Policy-driven catalysts could once again act as a turning point - the impact of GST reforms and the prospect of a favorable trade agreement with the US may serve as significant tailwinds in boosting economic activity including consumption.

Against this backdrop, we continue to be overweight the consumption theme. If the macro tailwinds are effectively passed on to end consumers, they could reset India's consumption cycle. We are already seeing a high number of purchases in the discretionary segment such as automobiles and consumer durables. This also coincides with the festive season.

We also remain constructive on other consumer discretionary plays-especially in retail, hospitality, and travel & tourism-which are poised to gain from strengthening domestic momentum and festive season demand.

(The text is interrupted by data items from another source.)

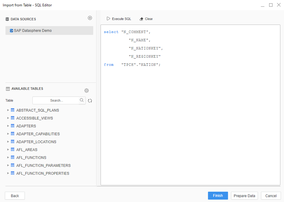 - Click the data source to connect to SAP Datasphere.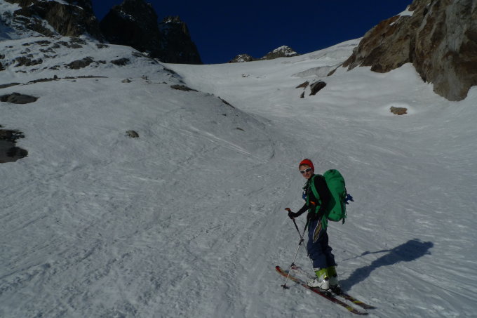 Sehr wenig Schnee aber das wissen wir ja alle. Immer noch etwas Pulver bei der Abfahrt gefunden. Eingang ins Hohbergtal sehr wenig Schnee Couli fast nicht begehbar. Die Östliche Flanke geht recht gut zum Steigen zwei Steilstellen etwas mühsam. Bildet aber für den weiteren Schneee leider eine schlechte Unterlage. Aufstieg zum Stösenjoch im Moment sehr heikel waren zu spät daher Umkehr beim Skidepot.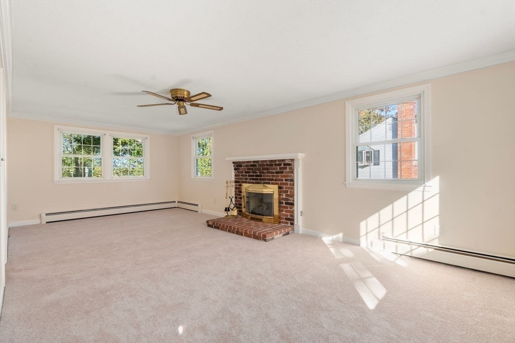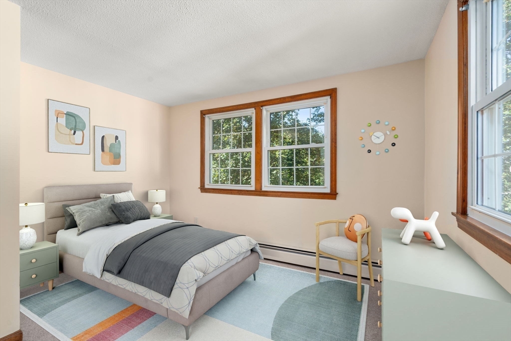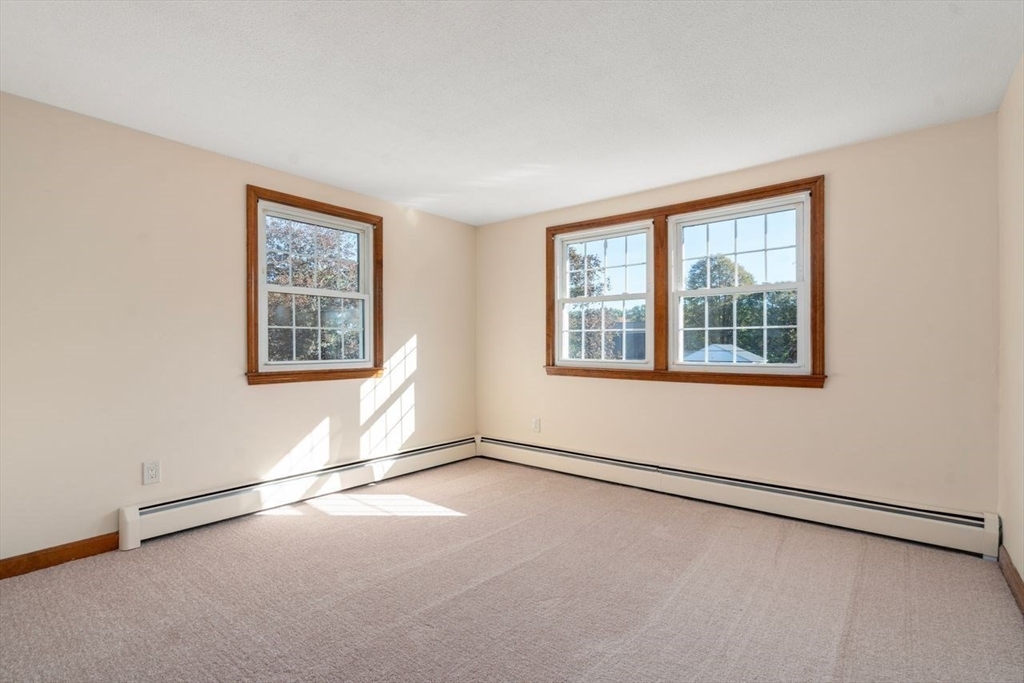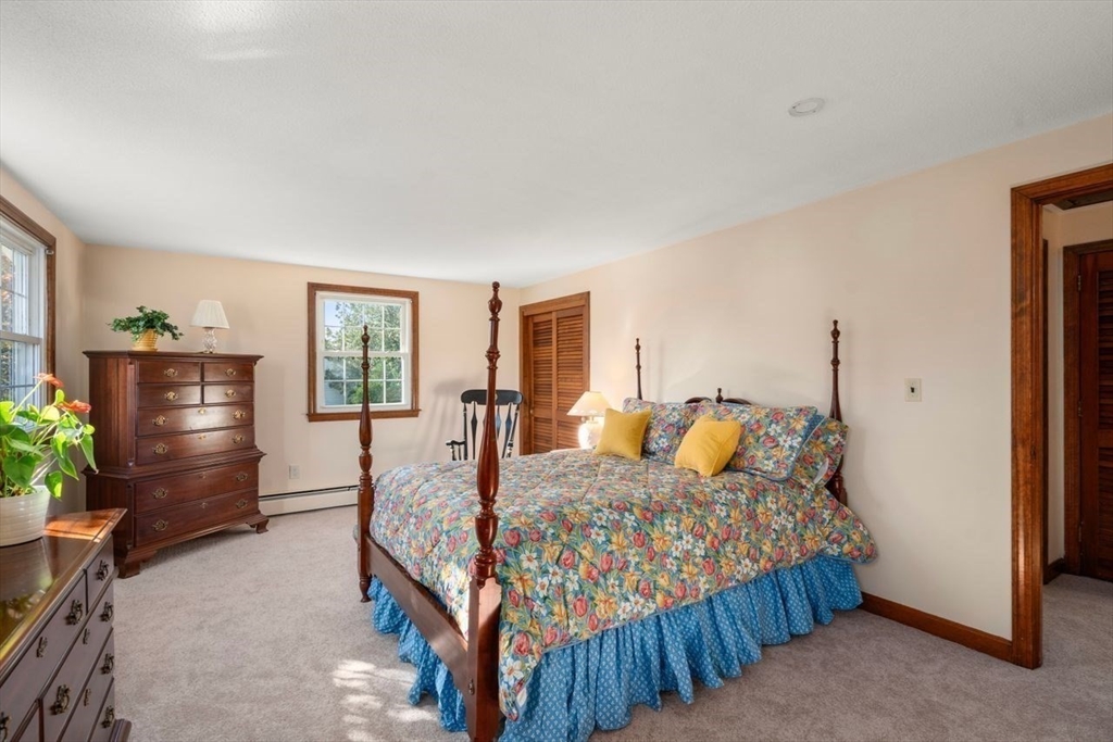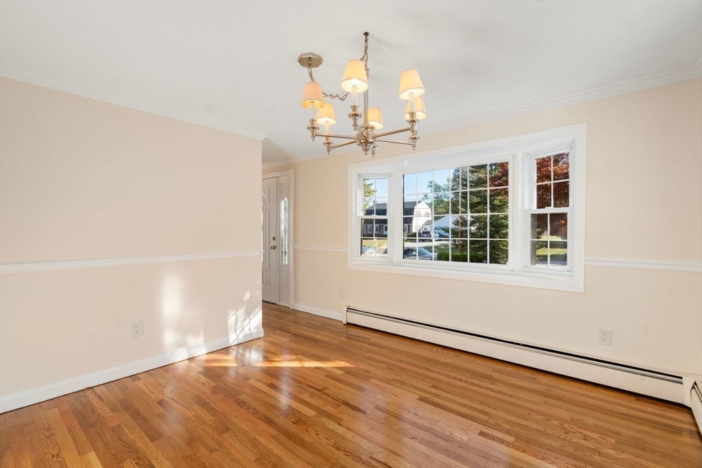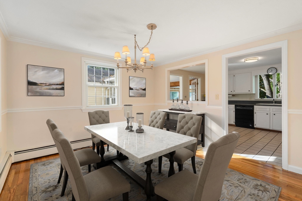 Welcome home to this meticulously maintained, move-in ready residence, perfectly positioned on a tranquil cul de sac in a highly sought after neighborhood. Designed for comfortable living & affording a variety of options for effortless entertaining, this delightful house offers an excellent flow & is flooded with natural light & lovely views of the large, level, manicured yard with its mature trees, garden areas & convenient shed, abutting a hayfield. Recent updates include newly refinished gleaming hardwood floors, plush new wall to wall carpeting & fresh paint throughout. Elegant crown molding adds a touch of sophistication to the spacious main rooms. Key features & amenities: eat-in kitchen, energy efficient paned windows, 2 year old upgraded electrical panel; abundant storage throughout; an oversized, attached, side entry, 1 car garage; a wonderfully green, peaceful location, combining easy access to major routes 93 & 495, shopping & recreation to provide gracious living.

We have increased exposure to automobiles on the back of GST reforms and companies in this space have been quick to pass on the benefits to consumers. The trend toward premiumization is expected to strengthen, supported by a pickup in the replacement cycle. GST cuts are likely to reduce passenger vehicle (PV) prices by 5-10% and two-wheeler prices by around 8%, which should stimulate demand. We anticipate that aspirational product segments will benefit more due to higher demand elasticity. While improved affordability will encourage first-time buyers, we believe the revival in replacement demand-muted in recent years-will be a more significant growth driver for Pvs.

Debt Market View:

The Fed's 25 basis point rate cut in its September 2025 policy meeting provided a supportive backdrop for Indian bond markets. This move contributed to a flatter yield curve, largely driven by expectations of reduced supply in longer-dated government securities (G-Secs). The government revised its borrowing calendar, trimming the supply of longertenor government bonds by 5% and reallocating issuance toward the 3- year, 5-year, and 10-year segments. Consequently, bond yields remained range-bound throughout the month.

With 100 bps of repo rate cuts already delivered, we believe the majority of the RBI's rate easing is now behind us. We believe that the best of the duration play is behind us. Given that inflation expectations remain well within the central bank's target range, we foresee a "lower for longer" interest rate environment.

Fiscal concerns on the back of GST cuts coupled with worries on end of ratecut cycle, led to an increase in the yields over the past few weeks. However in the near term, markets will be guided by lower inflation, pressures on growth, likely OMOs during Jan-Mar 2026 and possibility of inclusion in Bloomberg indices, which may provide a tactical opportunity for long bond investing.

We have been focused on the short term 2-5 year corporate bonds in the portfolio as we expect surplus banking liquidity, lower supply of corporate bonds/ CDs due to slowdown and delay in implementation of LCR guidelines and attractive spreads and valuations. Incrementally short bonds can outperform long bonds from risk-reward perspective due to a shallow rate cut cycle, lower OMO purchases in the second half of the year and a shift in focus to Govt Debt to GDP targets.